I will preface this comment by saying that I hope Joe Schmidt continues for as long as he can as I think he has done a tremendous job to date. He has, in some ways, made the job a little harder for himself by initially relying on domestic based players and never really going over the top with OS based players even when he relaxed his policy a little more. I really enjoy how the team are playing at the moment.


I think Les Kiss, because (1) he has a bit more international experience, (2) has previously coached with Schmidt and in the same setup as Schmidt, might provide the smoothest transition, though I am not sure that this necessarily needs to be the case.


I would say one thing though about OS versus local coaches. I have a preference for local coaches but not for the reason that people might suppose (certainly not for the reason OJohn will have opined - I haven't read all the way down but I think I can guess it).


Australia has produced coaches of international standing who have won World Cups and major trophies. Bob Dwyer, Rod Macqueen, Alan Jones, Michael Cheika and Eddie Jones. I would add John Connolly - though he never got the international success he was highly successful with Queensland against quality NZ opposition and I think you could argue, never really got the run at international level that others did (OJohn might agree with that bit). Some of those are controversial but they all achieved high level results. You can add to that a number of assistants who worked OS at a high level.


But what the lack of a clear Australian coach suggests to me is that we are no longer producing coaches of international quality through our systems. We have had some overseas based coaches in our system like Thorn and Wessels and Cron (though I would suggest Thorn was a unique case who played for Australia in one code and NZ in the other and saw himself as a both a NZer and a Queenslander having arrived here at around age 12). Cron was developed in the Australian system anyway, so I don't have a problem with where he was born.

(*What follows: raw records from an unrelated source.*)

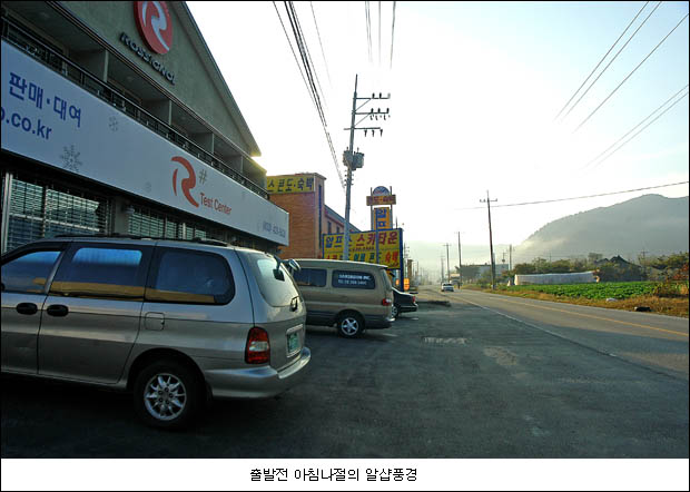 일요일 아침길을 달려 알샵에 도착하니 어김없이 7시를 가리킨다. 매주 토, 일요일에 알샵까지 자동차를 몰고오는 것이 아주 익숙해져서 있어 부담이 없다. 새벽길은 차의 통행도 한산하고 과속하지 않고도 늘 한시간 남짓사이에 알샵까지 오게된다. 주말 라이딩을 그리워 하다 매주말 이렇게 잔차를 타고나면 한주를 드디어 마무리 했다는 느낌이 든다. 오늘은 어제 배상범님, 유상님, 남전님이 미리 와계셨다. 간밤에 늦게까지 酒님과 함께 하였다고 한다. 밖은 추운 날씨인데 그에 반해 알샵의 따듯한 시즌방에서 이리저리 소주잔을 기울이셨을 님들을 상상하니 내심 부럽기도 하다. 난 토요일마다 행사가 잦다. 두주째 일요일반에 참석할 수 밖에 없었다. 덕분에 그사이 남전, 유상님과의 라이딩도 내겐 각별해 졌다. 말로만 듣고 처음뵙는 배상범님도 반가왔다. 늘 보아오던 사이처럼 정겹게 말을 건넨다. 운동으로 다져진 각진 몸이 돋보이는 청년같은 배상범님이었다. 듣던 그대로 한체력하게 생기셨다.
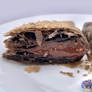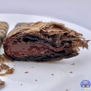 何層にも重ねたパイ生地に、アーモンド入りのチョコクリームが入っています。
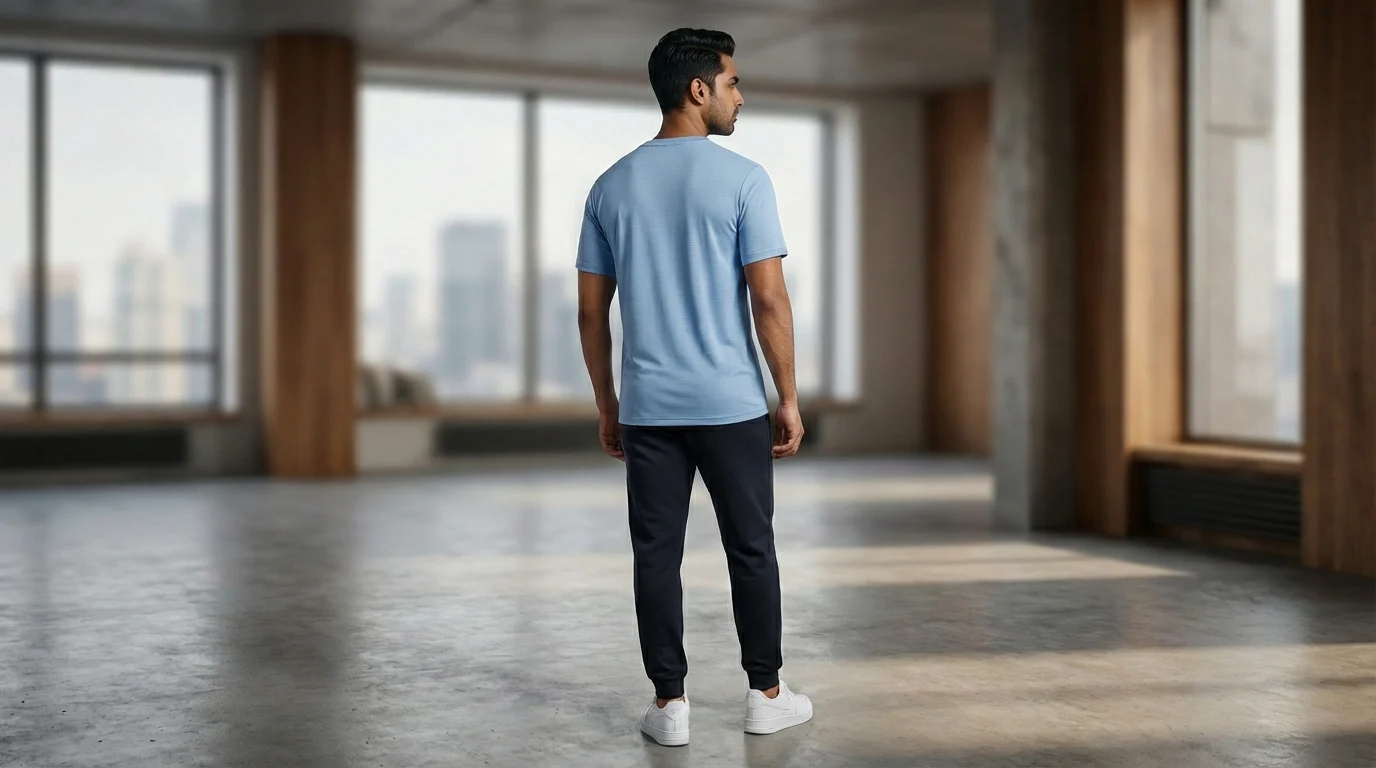 The shirt features a precision-tailored silhouette with a reinforced crew neckline that maintains its shape wash after wash. The fabric is chosen for its smooth texture and natural breathability, ensuring you stay cool and comfortable in the diverse Indian climate. Every detail, from the double-stitched hems to the soft-touch finish, reflects a commitment to quality that stands out in its simplicity.
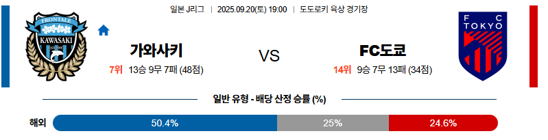 가와사키 대 FC도쿄 J리그1 09월20일 맞대결 생중계, 스포츠중계, 스포츠분석
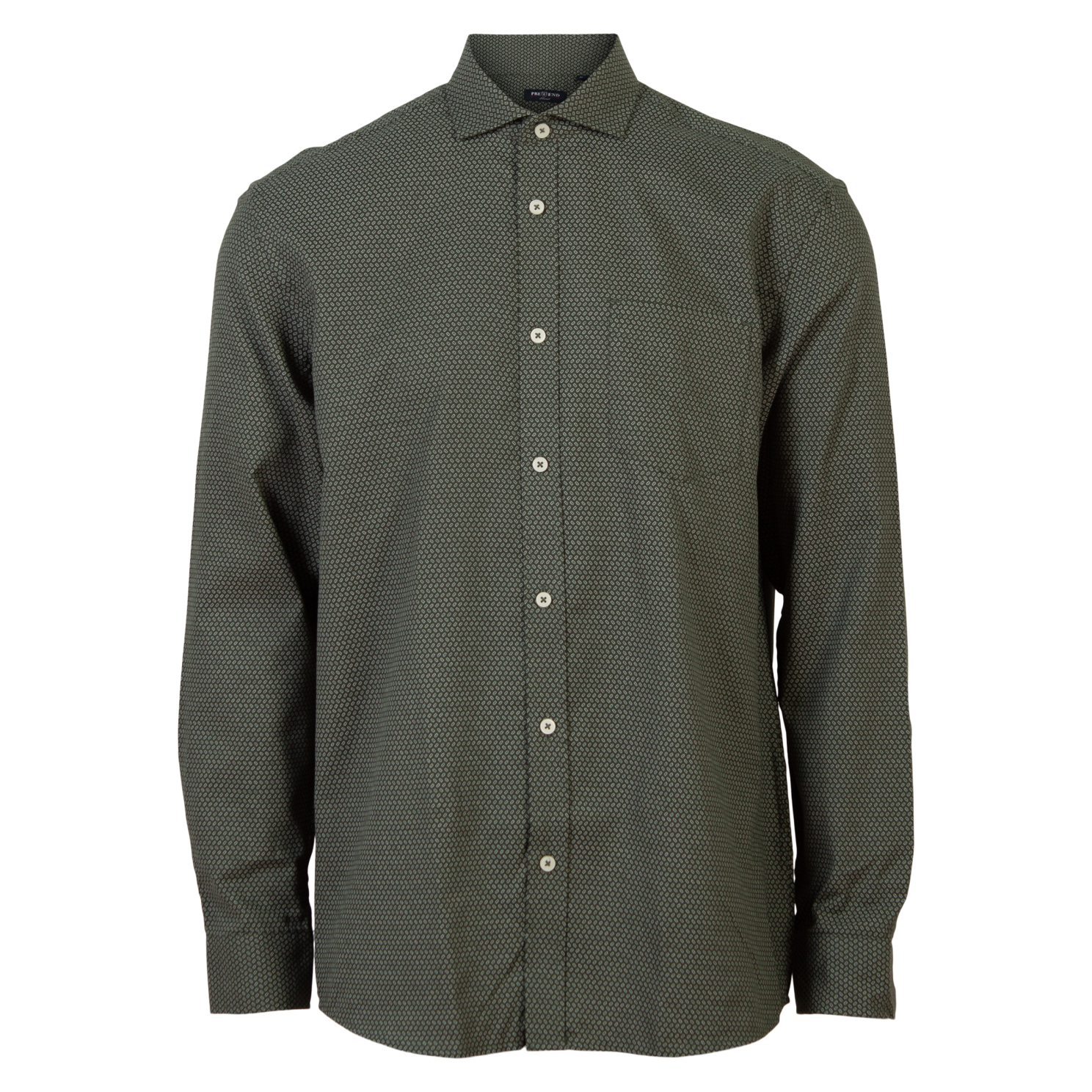 Pre End herre skjorte. Skjorten er grøn med små, hvide detaljer og har gennemgående knappelukning. Der er knapper i ærmerne, som gør at den kan tilpasse sig om armene. Skjorten har en brystlomme..
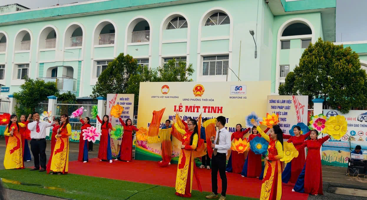 Sáng ngày 07 tháng 11 năm 2025, Ủy ban Mặt trận Tổ quốc Việt Nam phường Thới Hòa phối hợp cùng Ủy ban Nhân dân phường tổ chức Lễ Mít tinh hưởng ứng “Ngày Pháp luật nước Cộng hòa xã hội chủ nghĩa Việt Nam 09/11” tại Trường Mầm non Thới Hòa.
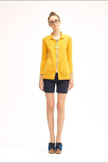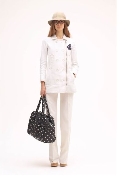 The combination of nautical wear and '60s silhouettes is one of my personal favorites. Not only do I like this combo aesthetically, but I love that it reminds of me of holidays, sun and for some reason, Europe (maybe it's all the bretons). Sonia by Sonia Rykiel's lookbook has solidified my want for sailing and Mod eyeliner. I'm lusting for schooners to lie on while off the coast of France, or maybe simply a day without a wind chill of -20 degrees Fahrenheit. This collection at least mentally warms me up! The colors and patterns are bold, yet the details are intricate. Pockets and pulls add character without distracting from the garment. I would wear almost everything from this collection, but here are some of the standouts for me:
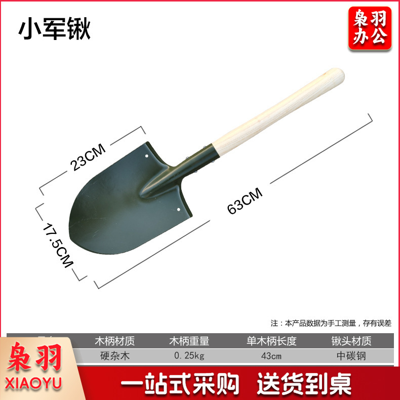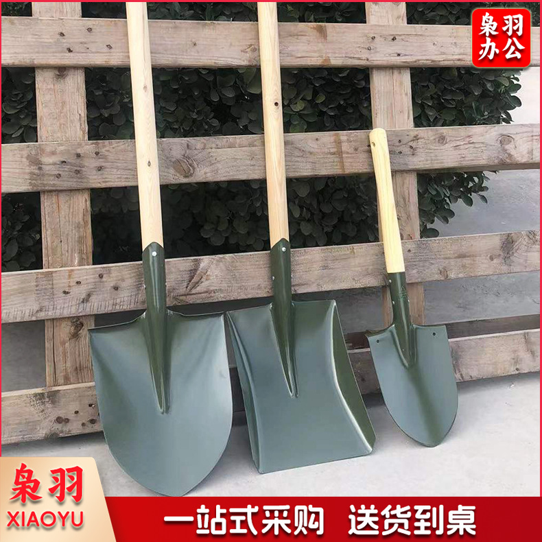 工兵铲抗洪救援防汛碳钢锹木柄铁锹雪铲 63CM小军锹-铁锹(尖头)
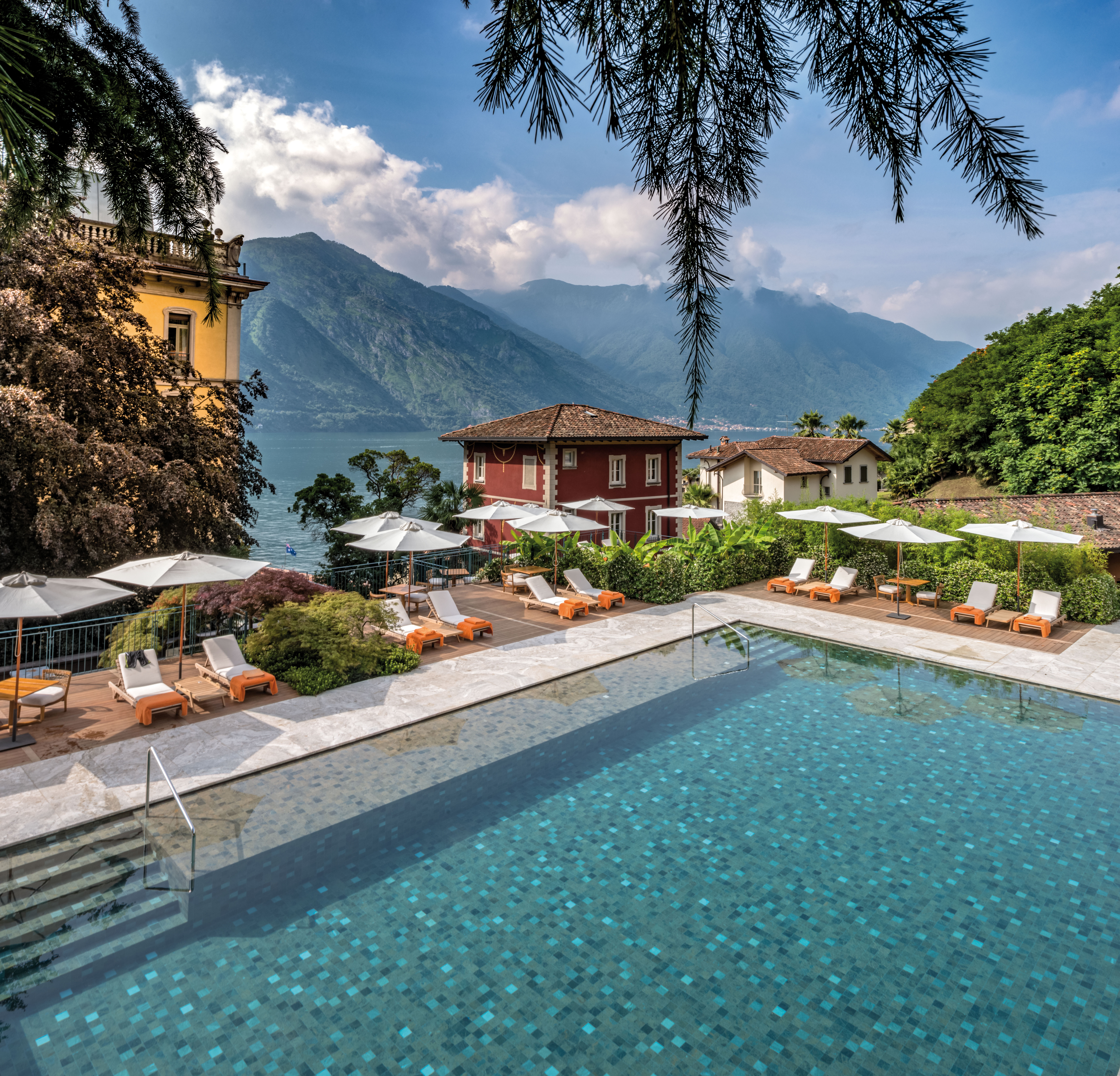 Salah satu hotel tertua di kawasan ini Grand Hotel Tremezzo—dibangun pada awal abad 20—terletak di sebalah kebun botani Villa Carlotta, sebuah desa ikonik yang menjelma pada abad 18. Ditinjau dari danau, posisi hotel legendaris ini tepat di tengah, simetris seperti bangunan di film-film Wes Anderson.

But my point is that we used to have systems in Australia that produced world class coaches. The systems developed by Dick Marks, which adopted and adapted some of the best coaching training approaches at the time from around the world (Wales particularly) but focussed on training Australian coaches with the best available methods, in my mind (as someone who grew up and began coaching late in that era) was a key part of what produced the highly skilled players that we produced at the time and also that produced those world class coaches. I think it was slipping already by the time I did my Level II certificate in 2002 and I think Eddie Jones influence and the priorities of the executive, particularly John O'Neill, might have been the beginning of the end. But if we have good coaching development programmes at school and junior level that will feed through to representative level then we will have


I think this is the missing ingredient that both ourselves and, ironically, Wales (who gave us the bones of our coaching system that became world leading), is a poor coaching development system. Fix that and you start getting players developing basic skills better and earlier in their careers and this feeds through all the way through the system and it also means that, when coaching positions at all levels come up, there are people of quality to fill them, who feed through the system all the way to the top. We could be exporting more coaches to Japan and England and France and the UK and the USA, as we have done a bit in the past.


A lack of a third tier between SR and Club rugby might block this a little - but I am not sure that this alone is the reason - it does give people some opportunity though to be noticed and play a key role in developing that next generation of players coming through. And we have never been able to make the cost sustainable.


I don't think it matters that we have an OS coach as our head coach at the moment but I think it does tell us something about overall rugby ecosystem that, when a coaching appointment comes up, we don't have 3 or 4 high quality options ready to take over. The failure of our coaching development pathway is a key missing ingredient for me and one of the reasons our systems are failing.